Cuando murió papá opté por la medicina, aunque desde entonces mis manos se soltaron más y empecé de verdad a entender las artes plásticas. Antes cumplía los deseos de papá, dibujaba lo que él deseaba mirar; ahora, lo que observan mis sentidos (aunque esta noche, mis sentidos están confundidos).

Tardé en descifrar lo que mis sentidos contemplaban, sobre todo porque no sabía si veían lo que mi padre hubiera visto o si mi mirada ya había declarado su independencia. Esta confusión abarcó la periferia total de mi existencia desde la oscultación médica hasta la amorosa. Cada detalle de mi vida, cada paso y gesto estaban supervisados por él. Renuncié a ser una profesional del arte, soy una amateur vigilada por su entrenador y el dibujo me ha servido para aclarar lo que mi vista percibe fuera de foco.

No sé si agradecerle la educación visual o reclamarle la intromisión. Papá me enseñó a ver, a leer lo indecible en las caras, a reconocer cartografías en los ojos y en los cuerpos de la gente. Mis ojos funcionan como rayos equis. Contemplo lo que no debo.

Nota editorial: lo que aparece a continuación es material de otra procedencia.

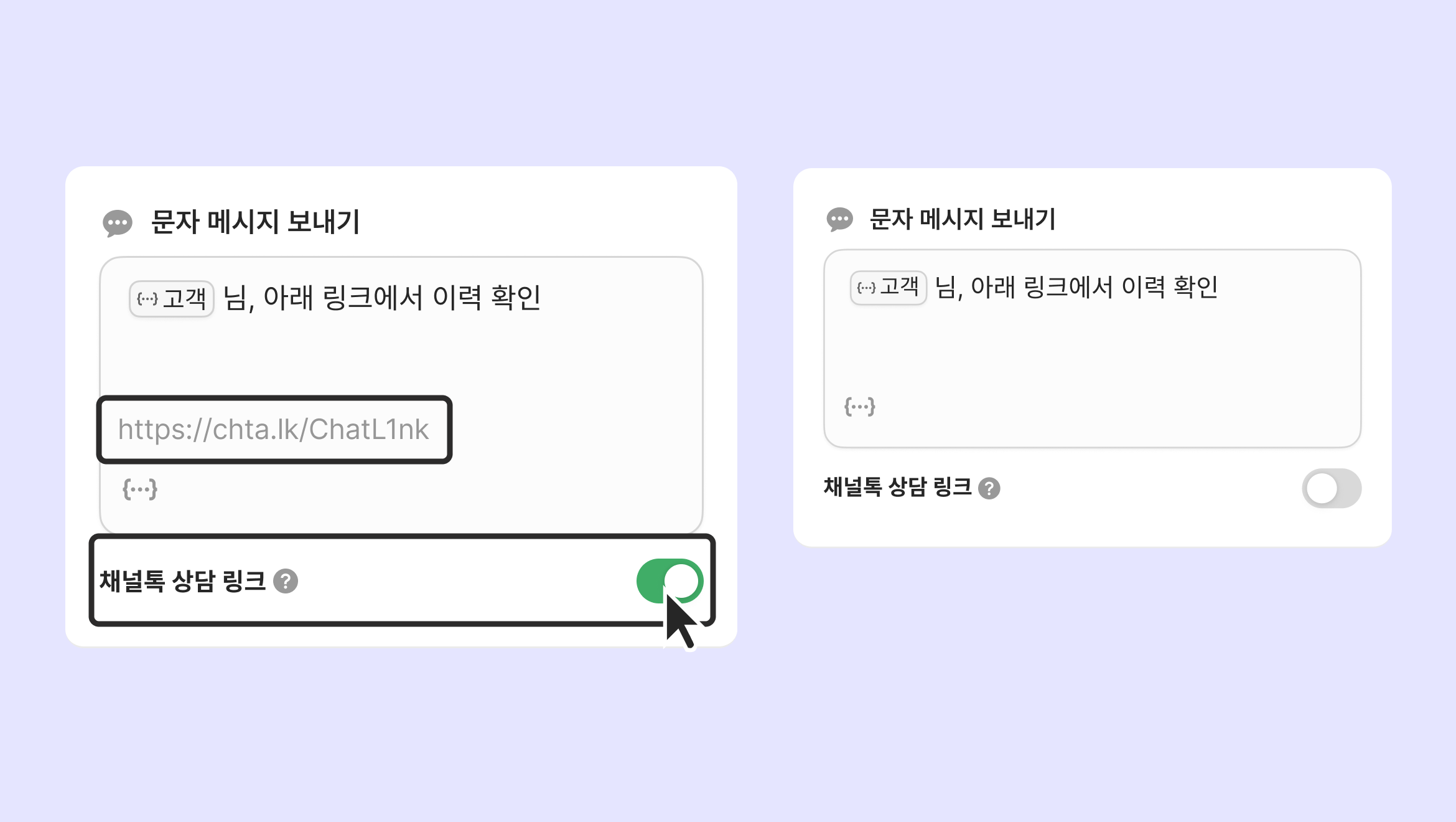 채널톡 상담 링크가 아닌 다른 링크를 보내고 싶은 경우 채널톡 상담 링크 off하고 원하는 링크를 문자 메시지 본문에 추가해 주세요.
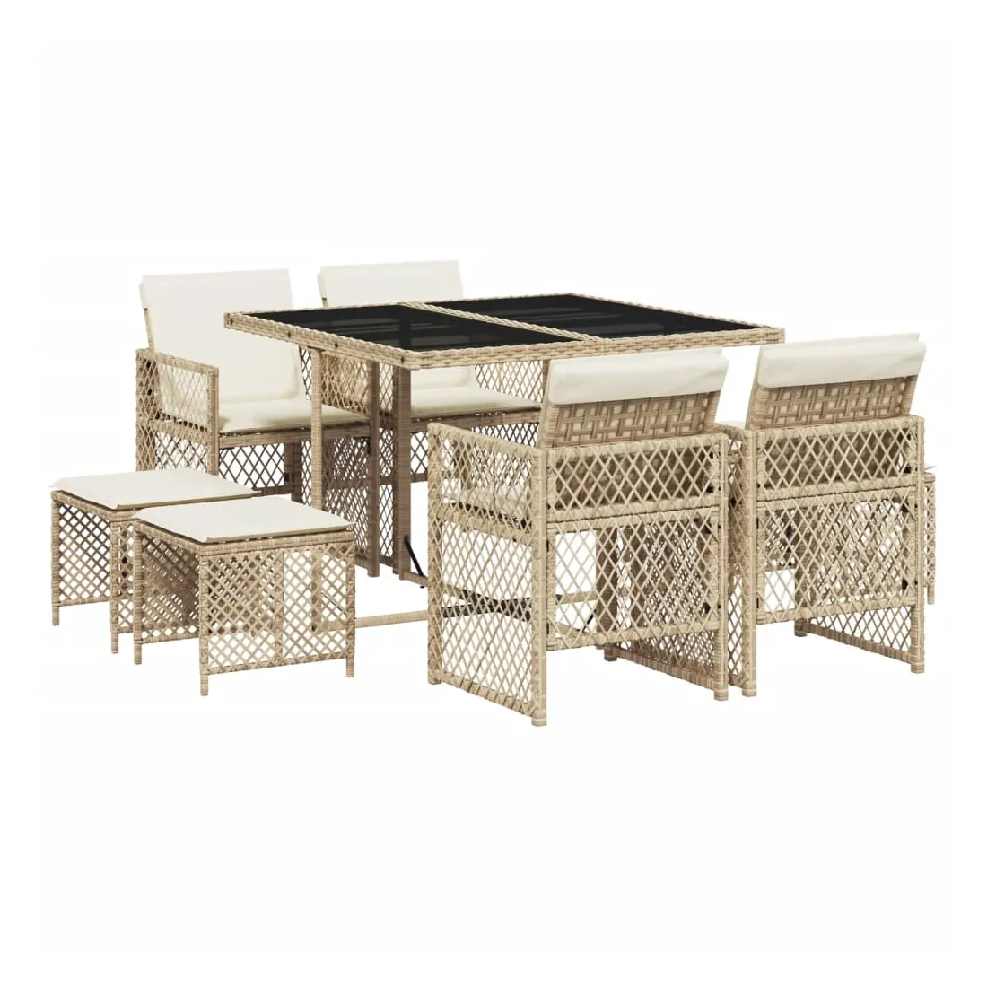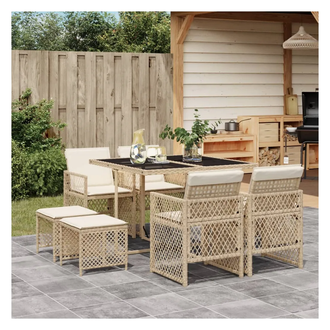 Cet ensemble de salle à manger de jardin est un excellent choix pour les repas en plein air ou pour vous détendre dans le jardin, l'arrière-cour ou le patio. Matériau durable : la résine tressée, également connue sous le nom de poly rotin, est un matériau synthétique solide et nécessitant peu d'entretien qui ressemble au rotin naturel. Elle est légère, facile à nettoyer et couramment utilisée pour les meubles d'extérieur en raison de sa durabilité et de ses propriétés de résistance aux intempéries. Dessus en verre : le dessus de la table d'extérieur est fabriqué en verre trempé solide et durable, ce qui le rend facile à nettoyer avec un chiffon humide et ajoute une touche d'élégance à votre espace extérieur. Rangement compact : ces chaises sont dotées d'un dossier rabattable, ce qui permet de les ranger facilement sous la table. Une fois pliées, elles se rangent parfaitement sous la table, formant un cube peu encombrant. De plus, les tabourets peuvent également être rangés sous les chaises, maximisant encore davantage l'efficacité de l'espace. Expérience d'assise confortable : ce mobilier d'extérieur, doté de coussins épais, offre une expérience d'assise confortable. Housse amovible et lavable : ces coussins de siège sont dotés de housses amovibles pour un lavage et un entretien faciles. Les housses de coussin de chaise ont un rabat à l'arrière pour une fixation facile aux chaises. Bon à savoir :Pour que vos meubles d'extérieur restent beaux, nous vous recommandons de les protéger avec une housse imperméable.
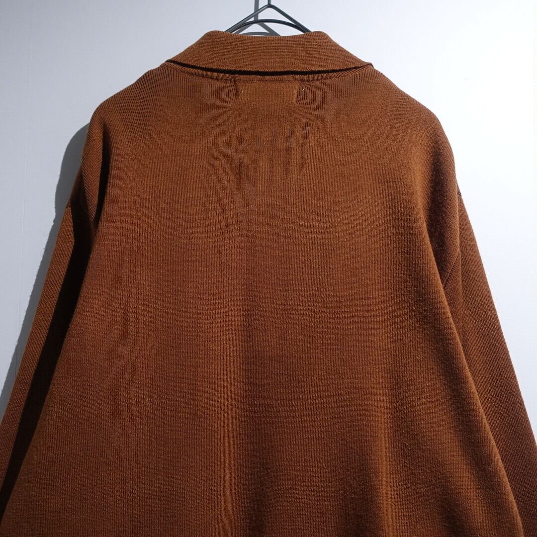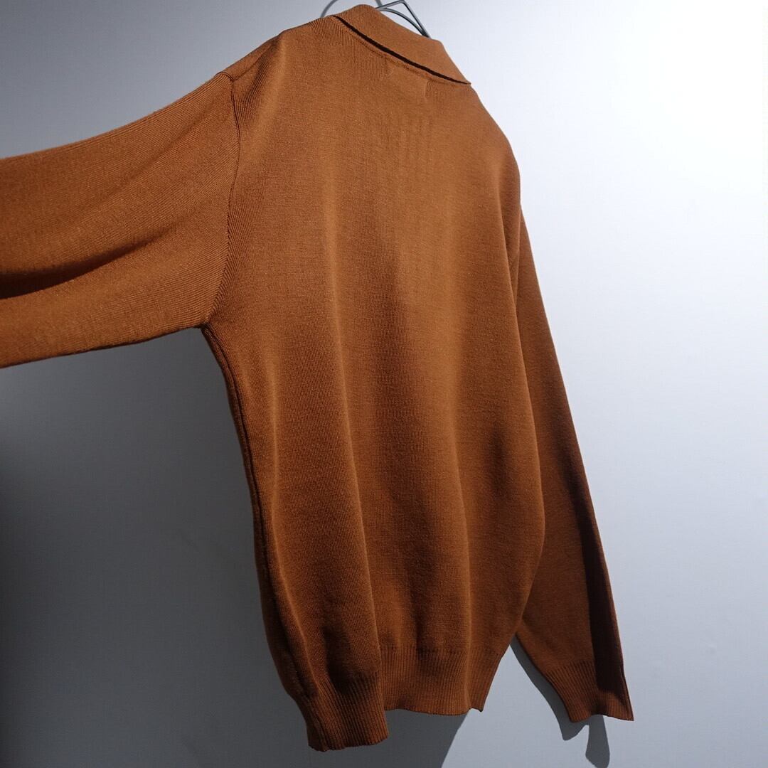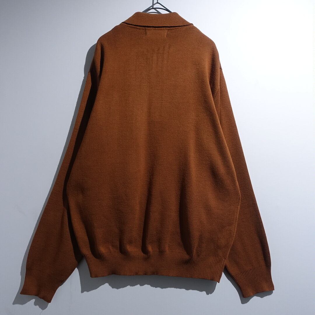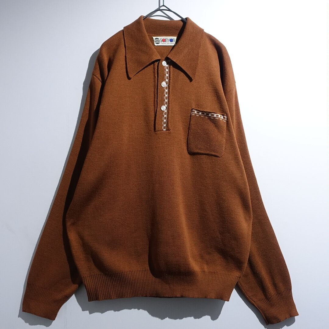 70s Brown Geometric Design Big Collar Knit Polo
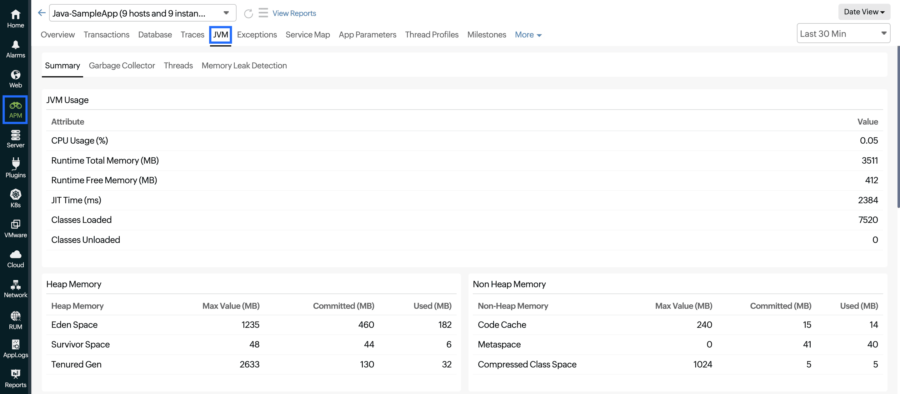 - Navigate to APM, select your Java application, and click the JVM tab.
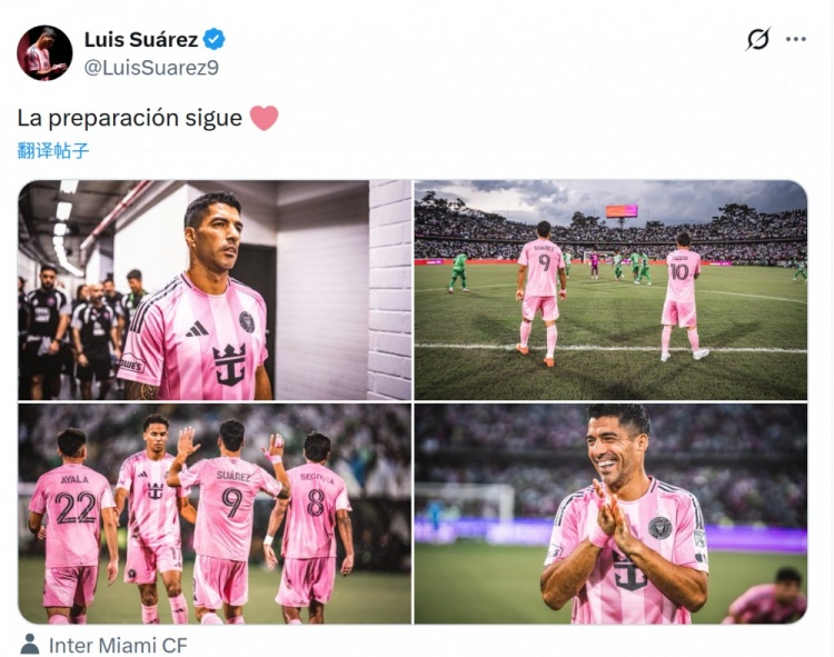 苏亚雷斯社媒晒出比赛照片,并写道:“备战工作继续进行。”

Nunca me ha gustado el retrato pese a que tengo talento para captar la personalidad del otro. Sé traducir en líneas el carácter, también introducir la memoria que refleja la mirada en sombras y gestos. Dibujando descubrí la ira de mamá, la melancolía de mi padre, la posesividad de la abuela, los defectos de mis amigos... Descubrí que papá no mintió: el rostro y el cuerpo son mapas.

"El cuerpo es un mapa, cada miembro y articulación son un circuito, una montaña, un lago, una avenida. Cada uno de nosotros habita la propia ciudad; en ocasiones somos extranjeros; en las menos, ciudadanos; en otras más, residentes exiliados. El cuerpo es memoria. Somos historia y estamos negados a olvidar. Recuerda, debes aprender a observar, a intuir. Aún lo indecible está ahí, en la piel, en el cabello o en la estructura ósea".

Como médico, esta enseñanza ha sido imprescindible. Como mujer un deleite, pero en la soledad sólo ha sido dolor. Soy testigo de las migraciones y cambios que ha sufrido mi cuerpo, mi ciudad. El ejercicio más difícil aún es la confrontación en el espejo: el autorretrato.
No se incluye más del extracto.